Nas situações em que se verifica vício de qualidade do produto, o Código de Defesa do Consumidor (CDC) permite que o cliente opte pela substituição do bem por outro da mesma espécie, em perfeitas condições de uso, pela restituição imediata da quantia paga, sem prejuízo de eventuais perdas e danos, ou pelo abatimento proporcional do preço.

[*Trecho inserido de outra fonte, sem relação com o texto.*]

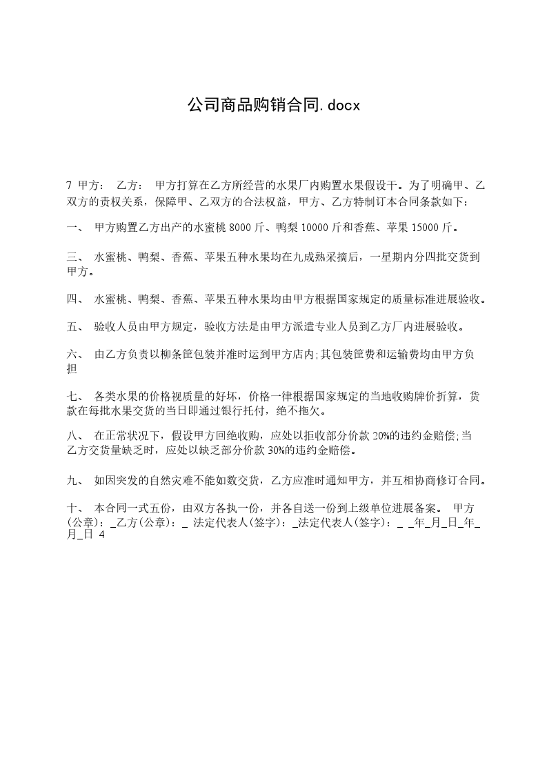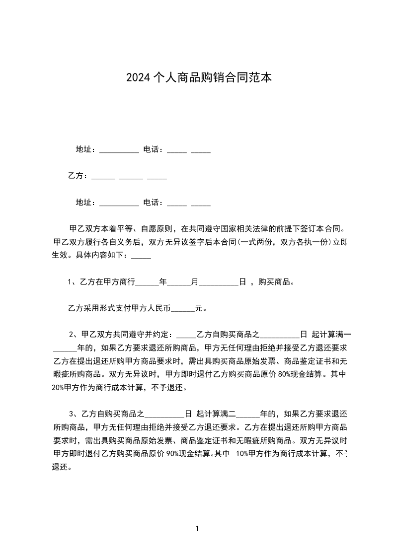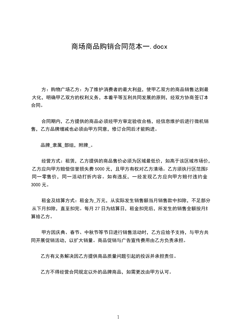 1、乙方在甲方商行_年_于,购买商品。乙方采用形式支付甲方人民币_元。

Tomando por base esse entendimento, a 3ª Turma do Superior Tribunal de Justiça, por maioria de votos, manteve o acórdão do Tribunal de Justiça de Minas Gerais (TJ-MG) que condenou uma loja de veículos a devolver o dinheiro pago por um cliente para adquirir uma Ferrari F-430, em 2009, sem saber que o carro tivera sua estrutura recuperada após um acidente grave. O preço do veículo foi R$ 1,17 milhão.

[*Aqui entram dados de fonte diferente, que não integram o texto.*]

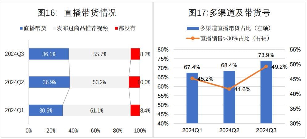 与线上经营跨平台相似的是,样本企业的直播带货也往往是通过多平台进行。2024年三季度,73.9%已进行过直播带货的样本企业在多个渠道进行了直播,较上季度的68.4%进一步提升了5.5个百分点。其中,在已进行过直播带货的样本企业中,带货号(超过30%的线上销售额来自直播带货)占比为49.2%,相比上季度的41.6%明显提升,增加了7.6个百分点(图17)。进一步说明直播带货正在成为线上销售收入的重要来源。

Além da devolução, a loja deverá reembolsar todas as despesas do comprador com seguro DPVAT, IPVA, revisão automotiva e parecer técnico, além de pagar uma indenização de R$ 25 mil por danos morais. A restituição dos valores, porém, foi condicionada à devolução do carro.

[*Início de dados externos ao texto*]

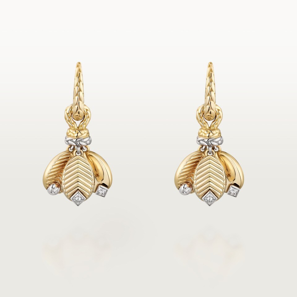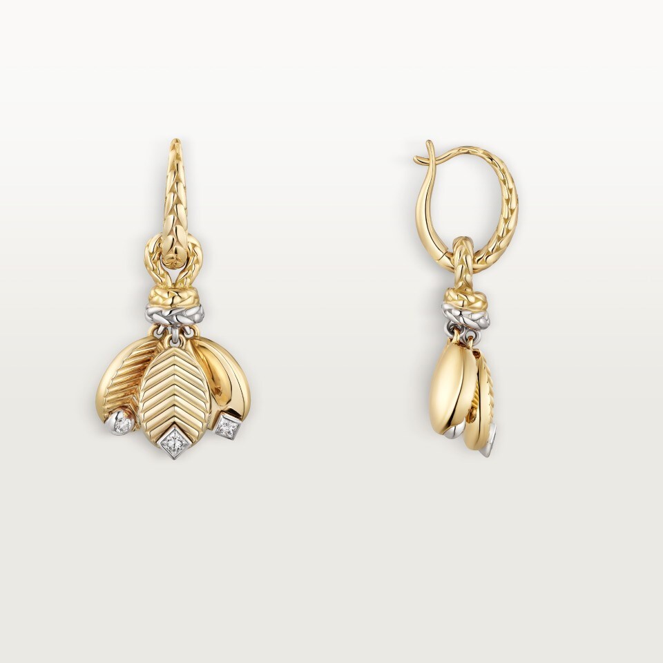 Grain de Café耳环,750/1000黄金,750/1000白金,镶嵌2颗圆形明亮式切割钻石,4颗公主方型切割钻石,总重0.24克拉。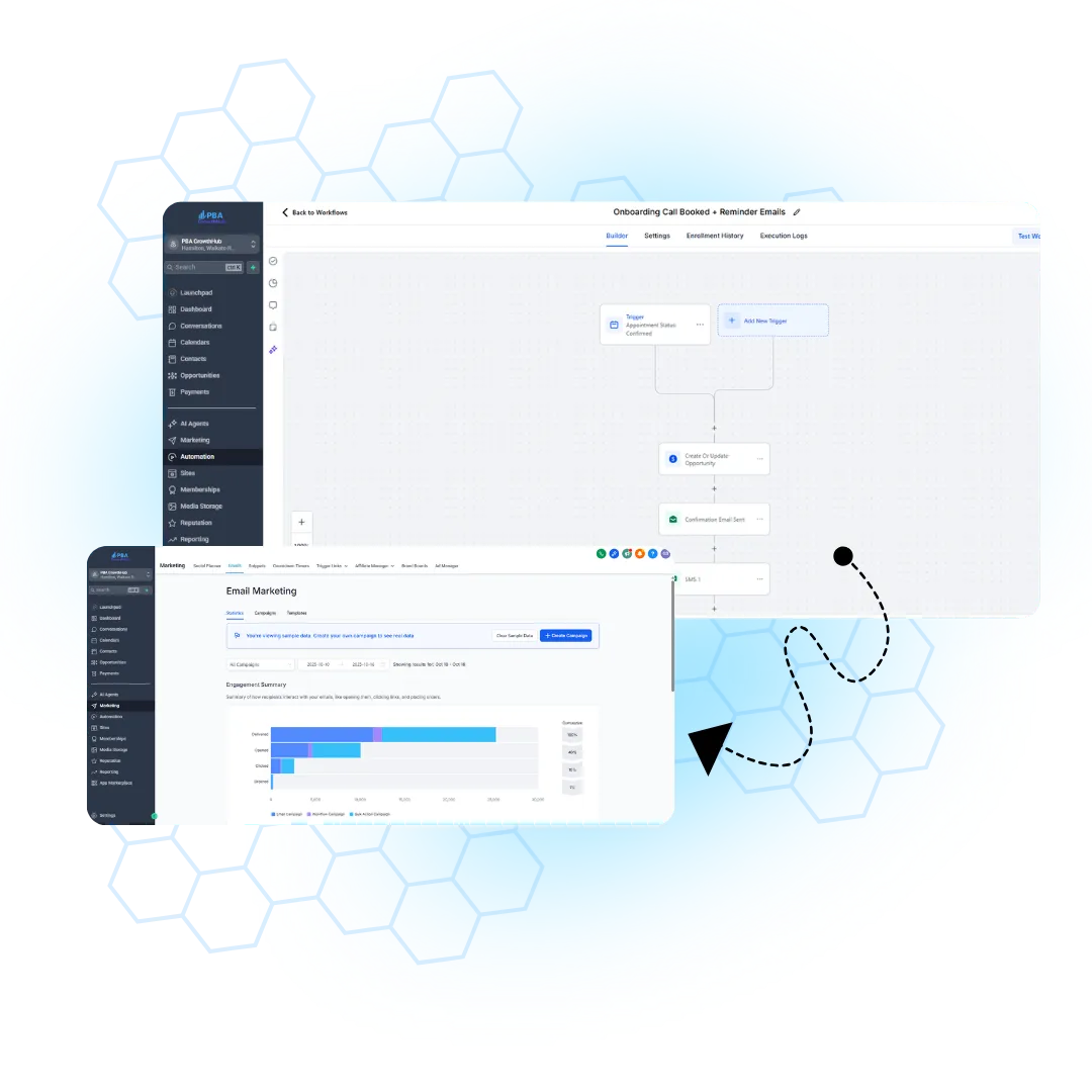 From lead capture to client onboarding — everything runs on autopilot.

No recurso especial ao STJ, a loja alegou que não havia vício na qualidade do produto, já que o veículo pôde ser utilizado normalmente pelo comprador durante o tempo em que permaneceu com ele. A empresa também defendeu que o desgaste do carro deveria ser considerado no cálculo da restituição, sob pena de enriquecimento sem causa do cliente. Além disso, apontou que as despesas de manutenção do veículo durante o tempo de utilização deveriam ser imputadas ao cliente.
Direito à informação
O relator do recurso, ministro Marco Aurélio Bellizze, destacou que, nas hipóteses de vício de qualidade, as opções ao consumidor são garantidas pelo artigo 18, parágrafo 1º do CDC. Segundo ele, esse dispositivo deve ser interpretado em conjunto com o artigo 6º, inciso III, que estabelece o direito básico do consumidor à informação adequada e clara sobre todas as características dos produtos e serviços, como qualidade, quantidade, preço e eventuais riscos.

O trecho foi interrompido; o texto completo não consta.